There has been yet more bad news for the beleaguered team of officers and the Commissioners trying to put right Liverpool Council’s flawed processes and dire finances. Yet more losses have crystallised literally under their noses in the Ground Floor of the Cunard Building!
The problems have arisen because of rash decisions taken in the anarchic times of Joe Anderson and Nick Kavanagh. Basically, they were persuaded that a great new attraction would come to Liverpool and would be ideally situated in the Upper Ground Floor of the Cunard Building facing the Pier Head.
This is the best place in the Cunard for a commercial venture with literally thousands of people a day going past it in the Summer months although less during the 4 winter months. So, what could go wrong? Almost everything it would appear!
Basically, the problems have arisen because not enough people have come through the doors. It’s just the same as any other business really. I have been in it several times and there was nothing to interest me in it. That’s no problem I am not interested in pop music and its history, but I know that many people are. I found it technically interesting but somehow it seemed to be lost between an idea of being an education facility and museum and being a pop venue in its own right.
This is yet another example of Liverpool City Council being unable to manage its own affairs. Including the original input into the project in 2017 this programme has costs us at least £4 million in write offs.
However, the cost is greater than that because we are not taking any rental income from what should be the best commercial property at the Pier Head and could end up having to pay £3 million to put the property into a condition that it can be re-let to another organisation.

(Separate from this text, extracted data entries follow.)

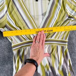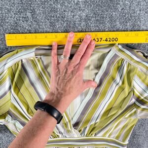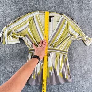 BCBG Maxazria Brushstroke Striped Faux-Wrap Top Green Blue Gray White Size S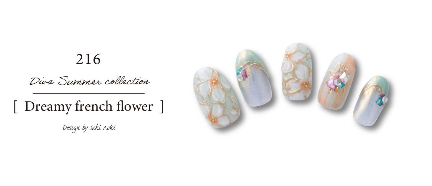 マグネットとオーロラを重ねトレンドを取り入れつつ、フェミニンなフラワーアートでどんなスタイルにも合わせやすく仕上げています。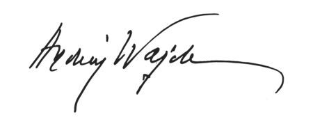 Andrzej Witold Wajda, reżyser filmowy i teatralny, scenarzysta. Urodzony 6 marca 1926 r. w Suwałkach. Podczas okupacji łącznik w Armii Krajowej. Studiował malarstwo w Akademii Sztuk Pięknych w Krakowie, ukończył Państwową Wyższą Szkołę Filmową w Łodzi. Pełnometrażowo debiutował w 1955 r., był współtwórcą tzw. polskiej szkoły filmowej. Laureat honorowego Oscara w 2000 r. Doktor h.c. Uniwersytetu Jagiellońskiego i innych uczelni. Odznaczony m.in. Orderem Orła Białego. Zmarł 9 października 2016 r. w Warszawie; pochowany na cmentarzu Salwatorskim w Krakowie.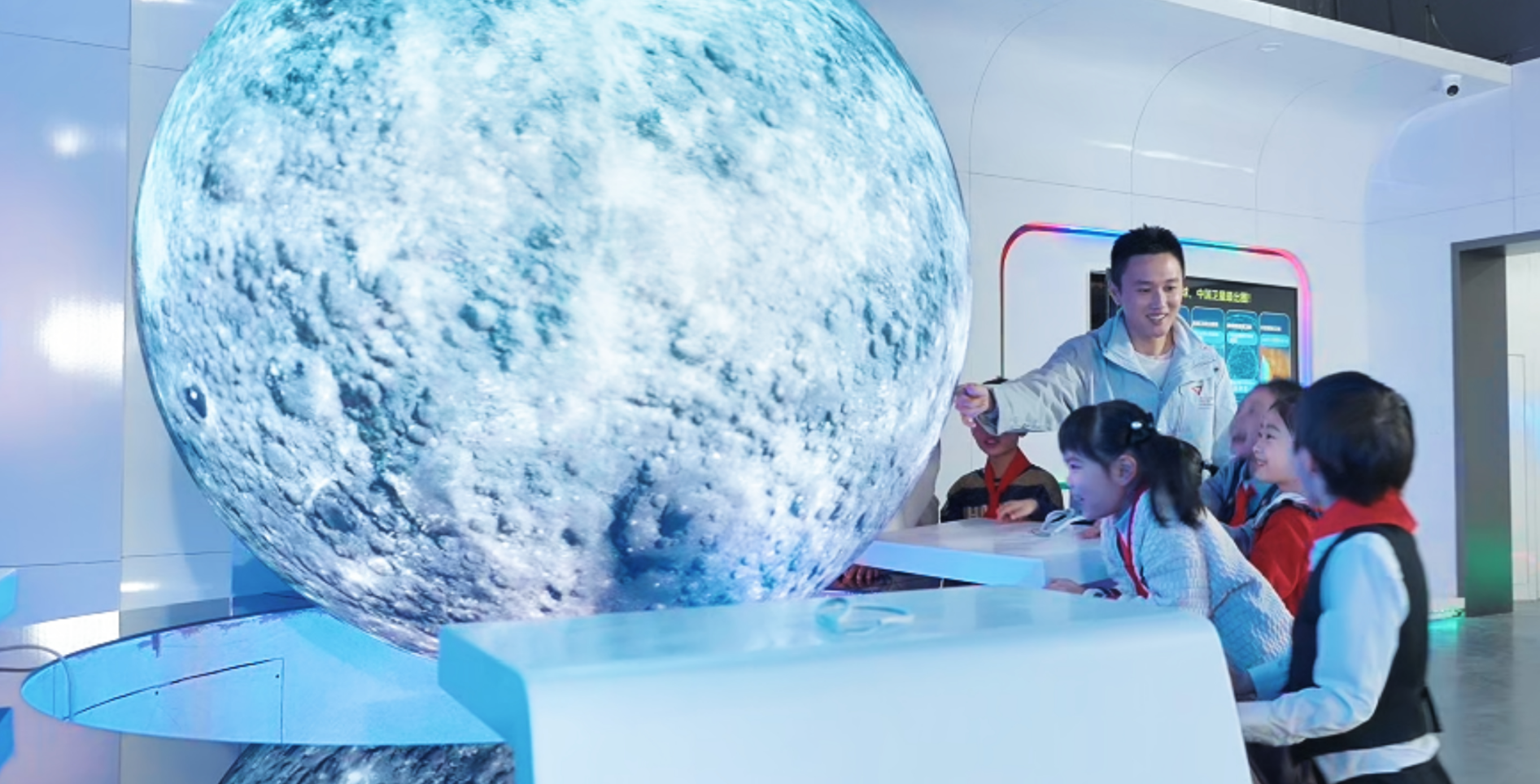 体验中心独具匠心地引入了“项目式学习”理念,精心构筑了一个影院般身临其境的科技空间。这里共设置了“未来星际探险家”、“星际城市建造师”、“航天文化外交官”等四个主题探索挑战和17个进阶式互动体验场景,以游戏化闯关、任务挑战和个性化成长荣誉系统,引导青少年像艺术家一样想象、像科学家一样思考、像工程师一样实践、像航天员一样探索,从而构建完整的科学成长体系。让青少年在实践中主动探索,全方位提升科学素养与创新能力。

So, this project may have cost at least £350,000 per short term job created and a minimum of £200,000 per job created. The Council would have probably created more permanent jobs if Joe Anderson had stood at the top of the Cunard and chucked fivers away providing the wind was in the right direction!
We originally called in this Cabinet item in for a full review so that the long-suffering taxpayers of Liverpool can find out who took these decisions and ensure that they will not be repeated. However, we have since revised that to allow the service charge contract to be drawn up and signed so that we get at least some money in.
The Cabinet report on this, Tunstall Street and the Festival Gardens will now be sent to the Audit Committee where Cllr Kris Brown and his team can subject it to a line by line scrutiny because there is much that we yet do not know?
- What was the original projections for visitor numbers, rent for venue type activity and income from souvenirs and food?
- How were these projections calculated?
- Who approved them?
- What is the total amount given by the Council in initial grants for capital and revenue?
- What is the current rental value for the premises?
- How did a clause on end of lease restoration, a standard clause, get left out?
- Does the Council or anyone else have a charge over the assets of the charity?
- Will the premises go out to tender in 2024 with others able to compete for the prime space?
- What is the total amount of rent that will have been lost from the day that the place opened and the end of the lease period in 2024?
There are issues to be looked at on top of this which relate to the running of the Cunard as a whole. Liberal Democrat Councillors asked on numerous occasions for details of occupancy and rent rolls. We were assured that there was an 80% occupancy and that rent was coming in in line with normal commercial expectations i.e. occasionally late!
We do not now know what the occupancy rates and rent rolls have been for the period since 2015 when the Council moved in after many £millions of were spent in renovation. Remember the £30,000 taps? Not a bargain 7 years ago! How much capital has been spent to keep the building up to scratch and improve it?
The Council keeps saying that it is worth a lot more than it did when we bought it. In fact, £45 million has been quoted in comparison with the original £10 million. Much up that uplift is because the Council is assumed to be a triple A tenant for its occupation of the top 3 floors. We have no idea what its value would be on the open market if the Council moved out and paid rent elsewhere. Would another triple A tenant come along?
Yet another stone has been turned and underneath it is yet another expensive baleful frog. I do not know about you but I am beginning to lose track of the money that was wasted, lost or never invoiced in the reign of Joe Anderson. My last calculation is that it is now up to £160 million with another £16 million + lost because of decisions or lack of them during Joanne Anderson’s time.